We retrospectively reviewed the medical records of 115 consecutive patients who underwent (18)F-FDG PET/CT for initial evaluation and were diagnosed with PTC by postoperative permanent biopsy. The clinical and pathologic characteristics that influence the (18)F-FDG PET/CT findings in these patients were analyzed with respect to the following variables: age, gender, tumor size, multifocality of the primary tumor, perithyroidal invasion, lymphovascular or capsular invasion, and central lymph node metastasis-based final pathology.

RESULTS

Twenty-six (22.6%) patients had false-negative (18)F-FDG PET/CT findings. In patients with negative (18)F-FDG PET/CT findings, tumor size, and perithyroidal and lymphovascular invasion were significantly less than in patients with positive (18)F-FDG PET/CT findings.

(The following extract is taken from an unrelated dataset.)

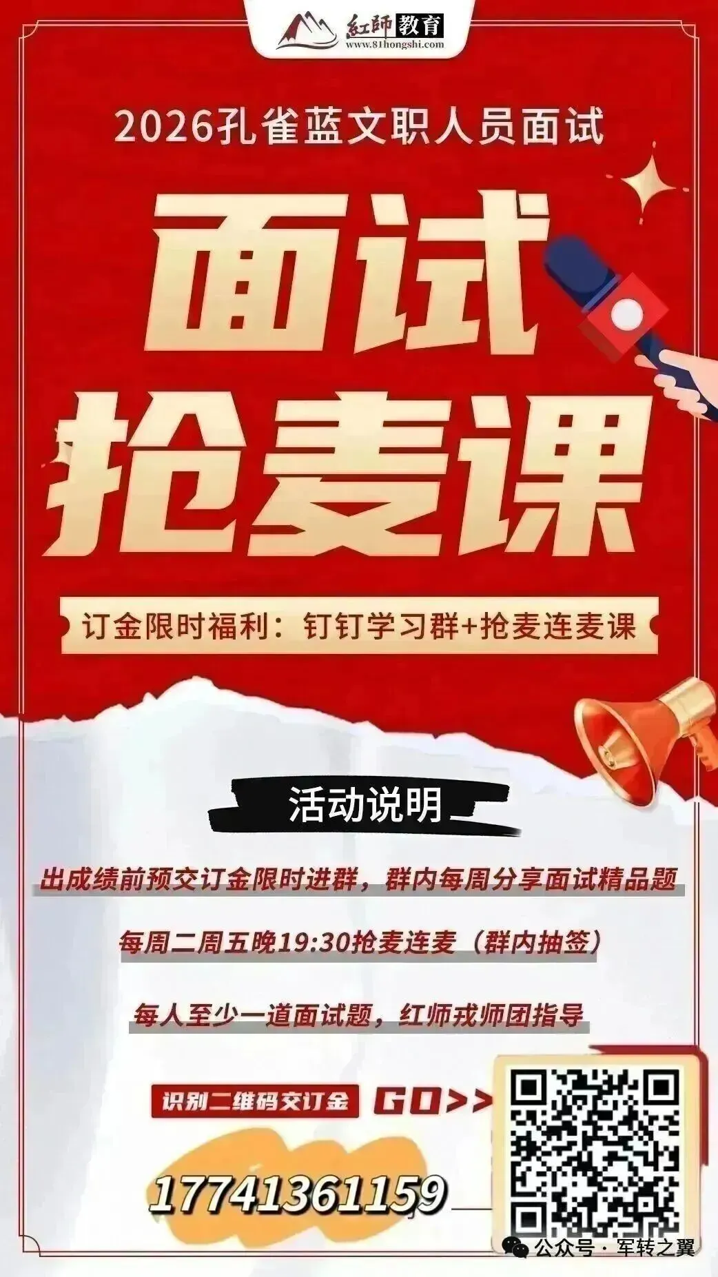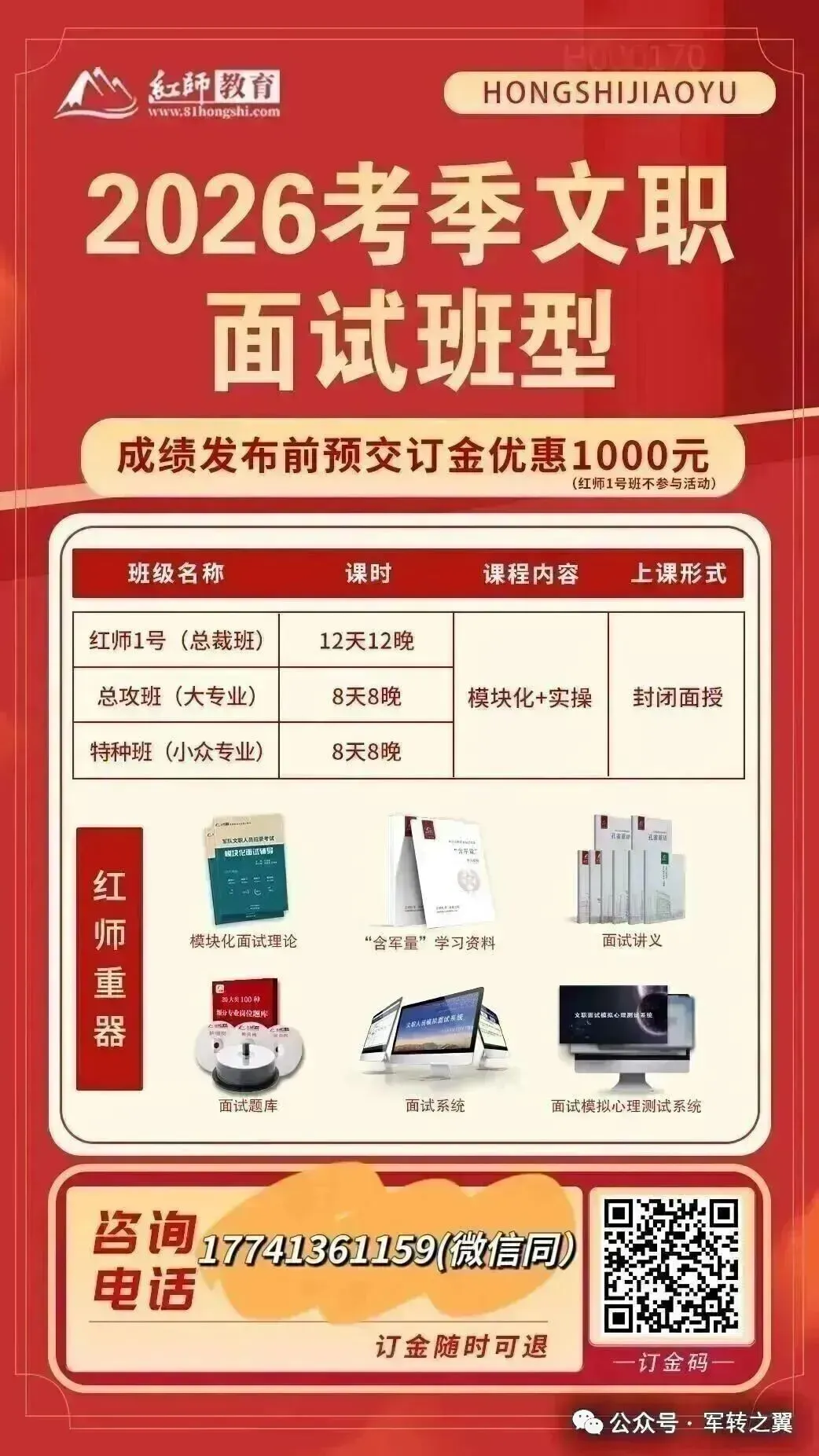 机会留给有准备的人!有关军队文职报考的任何问题,都可以添加红师闲云老师微信咨询:17741361159(微信同)

Tumors >1 cm in size were correlated with (18)F-FDG PET/CT positivity. On multivariate analysis, perithyroidal invasion (P = 0.026, odds ratio = 7.714) and lymphovascular invasion (P = 0.036, odds ratio = 3.500) were independent factors for (18)F-FDG PET/CT positivity. However, there were no significant differences between (18)F-FDG PET/CT positivity and age, gender, capsular invasion, and central lymph node metastasis based on final pathology.

CONCLUSIONS

Tumor size and perithyroidal and lymphovascular invasion of papillary carcinoma can influence (18)F-FDG PET/CT findings. Absence of perithyroidal and lymphovascular invasion were independent variables for false-negative findings on initial (18)F-FDG PET/CT in patients with PTC.

摘要

背景

我们经常观察到,在术前(18)F-氟代脱氧葡萄糖正电子发射断层扫描-计算机断层扫描((18)F-FDG PET/CT)中,经组织学证实的甲状腺乳头状癌(PTC)患者的原发癌灶中未检测到示踪剂摄取。因此,我们分析了影响术前(18)F-FDG PET/CT 中原发肿瘤假阴性结果的临床和病理变量。

方法

我们回顾性分析了 115 例连续患者的病历,这些患者因初始评估而行(18)F-FDG PET/CT 检查,并通过术后永久性活检诊断为 PTC。分析了这些患者的以下变量对(18)F-FDG PET/CT 结果的影响:年龄、性别、肿瘤大小、原发肿瘤的多灶性、甲状腺周围侵犯、血管淋巴管侵犯和中央淋巴结转移的最终病理学。

结果

26 例(22.6%)患者的(18)F-FDG PET/CT 结果为假阴性。在(18)F-FDG PET/CT 结果阴性的患者中,肿瘤大小、甲状腺周围侵犯和血管淋巴管侵犯明显小于(18)F-FDG PET/CT 结果阳性的患者。肿瘤>1cm 与(18)F-FDG PET/CT 阳性相关。多变量分析显示,甲状腺周围侵犯(P=0.026,优势比=7.714)和血管淋巴管侵犯(P=0.036,优势比=3.500)是(18)F-FDG PET/CT 阳性的独立因素。然而,根据最终病理学,(18)F-FDG PET/CT 阳性与年龄、性别、包膜侵犯和中央淋巴结转移之间无显著差异。

结论

肿瘤大小和甲状腺周围及血管淋巴管侵犯可影响(18)F-FDG PET/CT 结果。在 PTC 患者中,甲状腺周围和血管淋巴管侵犯的缺失是(18)F-FDG PET/CT 初诊假阴性结果的独立变量。